Na saúde, Cabo Verde já atingiu todas as metas quantitativas para a redução da mortalidade infantil e saúde materna. Mas, mais uma vez, a continuação destes resultados, a longo prazo, dependerá da futura estratégia dos doadores. Estas estratégias sofrem não apenas um problema de coerência entre elas, mas também e sobretudo uma falta de planeamento dos aspectos qualitativos. Três grandes parceiros retiraram o apoio a Cabo Verde, devido aos progressos atingidos, deixando ao governo um sistema muito pesado e difícil de financiar.
É assegurada a prestação gratuita de cuidados de saúde, com excepção da parcela calculada de acordo com o rendimento. Esta parte a pagar oscila entre um mínimo de 50 ECV e um máximo de 1.000 ECV. A saúde, absorveu 4,31% do orçamento de 2009, devido aos esforços em recursos humanos e infraestruturas de cuidados primários (vacinação, prevenção e reabilitação incluídas). Uma parcela de 60% da população tem menos de 25 anos, mas o aumento da esperança de vida, estimada em 72,7 anos em 2009, traduz-se numa maior incidência de doenças relacionadas com a idade. Deste ponto de vista, o país sofre com a falta de médicos especializados.

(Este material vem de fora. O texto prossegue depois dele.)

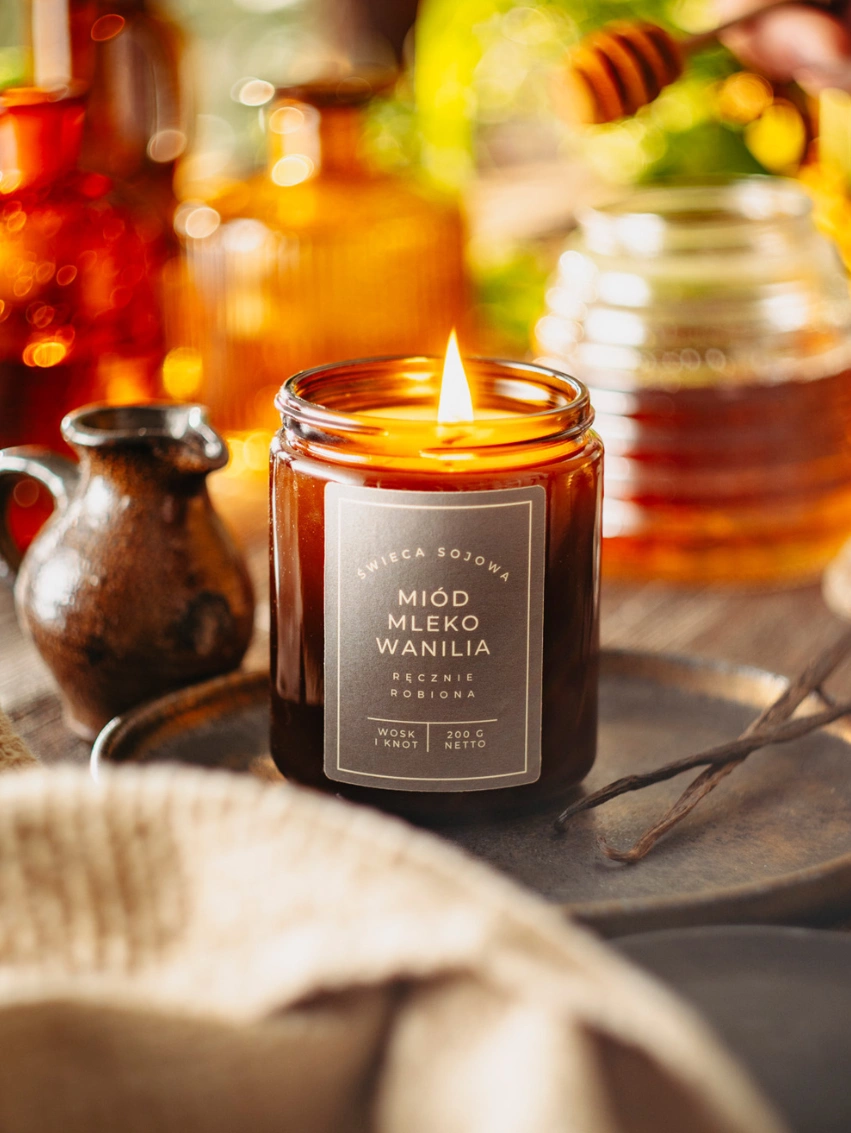 - W&K Świeca sojowa Miód, Mleko & Wanilia 200g – naturalna, ręcznie robiona świeca o kremowym zapachu miodu, mleka i wanilii. Ciepła, słodka i relaksująca kompozycja zapachowa idealna na każdą porę roku.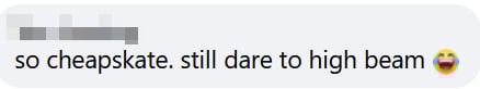 Another commenter questioned the other driver for using the high beams on the camcar when they were already being “cheapskate.”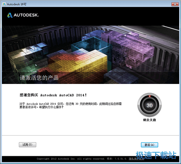 5、返回“产品许可激活选项”页面,将算出的数字粘贴到第一个激活码文本框中,点击“完成”即可完成AutoCAD 2014的激活,感谢你对极速下载站的支持!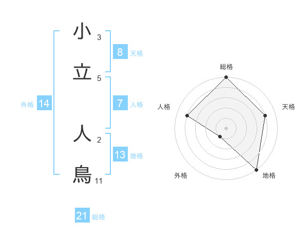 小立 人鳥さんの総格は21画の5点!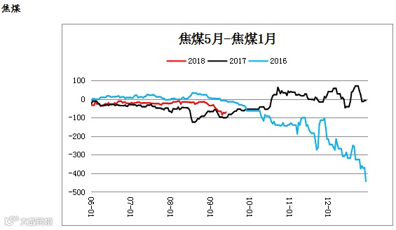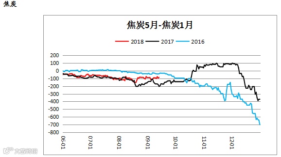 焦煤跨期价差(JM1905 – JM1901)震荡下行,建议观望。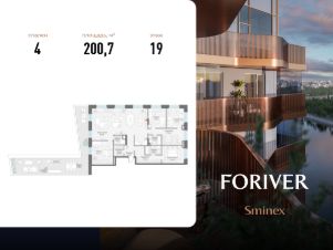 Прямая продажа от застройщика. В жилом квартале, расположенном в Даниловском районе Москвы, продаётся 4-комнатная квартира площадью 200.70 кв.м без отделки. Квартира расположена на 19 этаже 19-этажного дома, корпус Line 7, в жилом квартале бизнес-класса Foriver.

A taxa de mortalidade de crianças menores de cinco anos passou de 56 por mil em 1990, para 25,7 por mil em 2007. Além disso, 73,2% das crianças dos 0 aos 11 meses foram vacinados em 2007. O acesso à saúde perinatal é quase universal (97,5% de cobertura para as mulheres grávidas), mas o rácio de mortalidade materna está acima da meta estabelecida pelos ODM, que prevê um máximo de 17,3 por mil até 2015. A taxa de prevalência do HIV/SIDA é de 0,8%. O número de testes para o HIV/SIDA aumentou significativamente de 3.069 para 8.159 entre 2003 e 2005. Em 2007, houve 2.329 casos de HIV/SIDA, com 319 novos casos, mas acredita-se que este número represente apenas metade dos casos reais. O paludismo mostra uma baixa prevalência em Cabo Verde (3,7 por cem mil habitantes em 2007). Em 2007, 294 novos casos de tuberculose foram notificados, para uma taxa de prevalência de 51,9 por cem mil.

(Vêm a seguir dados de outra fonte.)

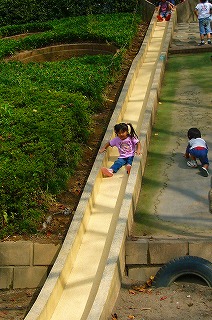 パパは今日で夏休みが終わるので最後に何処に行きたいかハルルに聞くと、ブランコの公園と答えました。ハルルが言う「ブランコの公園」とは、隣町にある公園のことなのですが、せっかくなので群馬まで足を伸ばし ゴールデンウィークにも行った子供の国へ行く事にしました。とりあえず、水筒とおにぎりとちょっとしたお菓子と水着をバックに詰め込み車で1時間、群馬こどもの国に到着しました。涼しい車の中でご飯を済ませ(今日は出発が遅かったのです)、先ずはじゃぶじゃぶ池へ。池のほとりの木陰にレジャーシートを敷くと、風が抜けてとても気持ちがいい、、、思っていたより熱くなくホッとしました。ユユもシートの上で楽しそう。ハルルは、直ぐに水着に着替えて池に入りました。本人は泳いでいるつもり。。岩と岩の間を通り抜けて、、、お水が落ちている所はいい音だね。おっかなびっくり、噴水を浴びています。暫らく水で遊んだ後は、日差しも柔らかくなってきたので冒険のとりでで遊びました。ここも風が抜けて気持ちがいい。。。これから、ここに登ります。そして、大きな滑り台で降りてきます。最後に、乗りたかったブランコ。ここのブランコは 体の周りが囲まれているので安心。たくさん遊んだので2人とも、夜はぐっすり寝てくれました。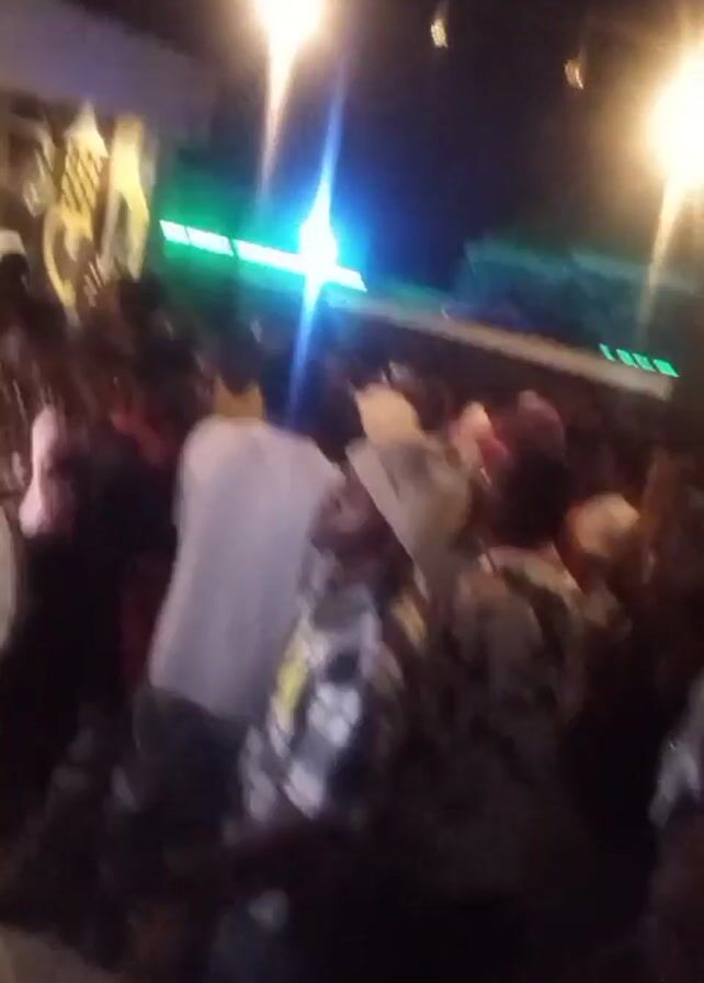 crowded indoor space, possibly a nightclub or bar, with many people dancing and socializing. The lighting is dim, with bright overhead lights creating glare. The crowd appears to be mostly young adults, and they are dressed in casual clothing. The camera movement is shaky.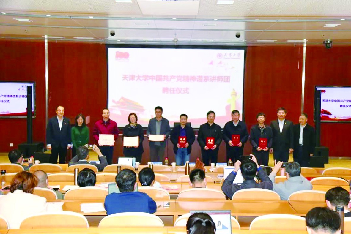 天津大学率先成立了“中国共产党精神谱系”讲师团。讲师团走出校园,面向党政机关、企事业单位、大中小学开展宣讲40余场,覆盖受众近10万人。天津大学讲师团成员、马克思主义学院院长颜晓峰教授作为党史学习教育中央宣讲团成员赴各省区市开展宣讲。第一讲,颜晓峰就提出了“从党史学‘精神谱系’,从‘精神谱系’悟党史”的学习理念。“‘党的精神谱系’是党的百年历史的一条红线,学习‘党的精神谱系’能够从红色基因层面深刻领悟中国共产党为什么能,马克思主义为什么行,中国特色社会主义为什么好。”颜晓峰说,“要将精神信念转化为开创我们这一代人历史伟业的坚实行动。”

A epidemia de sarampo e do dengue, que ocorreu pela primeira vez em 2009, mostram a necessidade de manter os esforços de vigilância.

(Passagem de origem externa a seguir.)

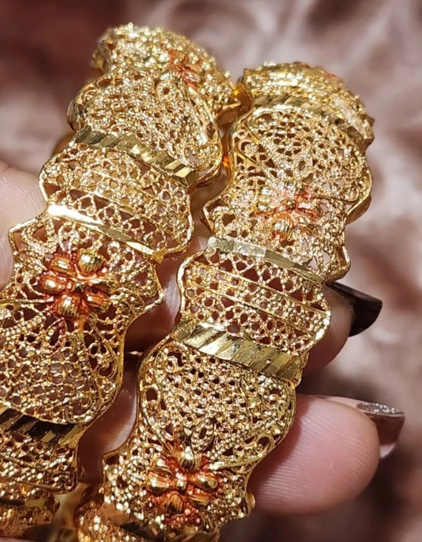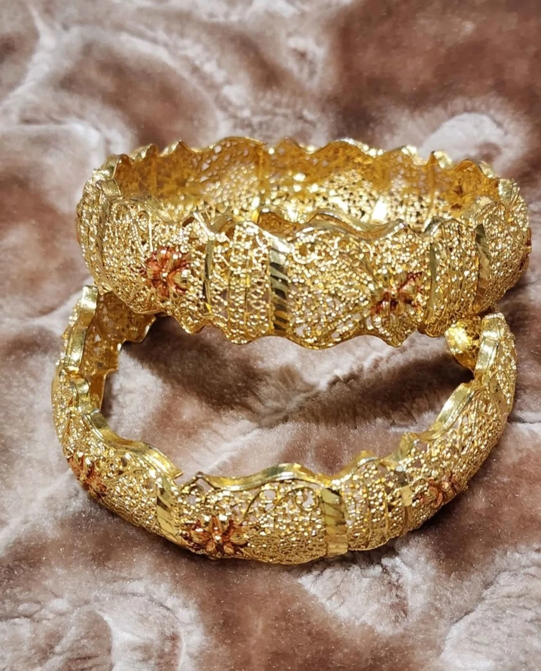 Selling a pair of gold bangles. They have a beautiful intricate design. Perfect for adding a touch of elegance to any outfit!

A meta do sétimo ODM, que é reduzir para metade até 2015, a proporção de pessoas sem acesso à água potável e a saneamento básico, está parcialmente alcançada. A proporção de população com acesso a água potável aumentou de 42% em 1990 para 89,5% em 2007. No entanto, persistem as desigualdades espaciais, por exemplo com o acesso em 98,6% nas áreas urbanas, contra apenas 75,8% nas zonas rurais. Enquanto isso, em 2007, apenas 40,8% dos domicílios (57,4% dos domicílios urbanos e 15,9% rurais) teve acesso às fossas sépticas ou sistemas de esgotos. Além disso, em 2007, 53,3% dos domicílios rurais e 22,7% dos domicílios urbanos não dispunham de casa de banho ou de latrinas. Em 2007, cerca de 63% das famílias não tinham acesso a nenhum tipo de recolha de resíduos sólidos, com grandes disparidades entre o espaço urbano e o espaço rural (88,5% contra 24,3%). O saneamento representou 3,93% do orçamento em 2009 e 3,38% para a água canalizada. Uma estratégia nacional bem elaborada para o saneamento básico está ainda por definir.
O novo recenseamento geral da população, realizado em Julho de 2010, permitirá alcançar o ponto de situação global do conjunto dos indicadores sociais. Será também uma oportunidade para o Instituto Nacional de Estatística, efectuar uma análise aprofundada, para melhor analisar os aspectos qualitativos.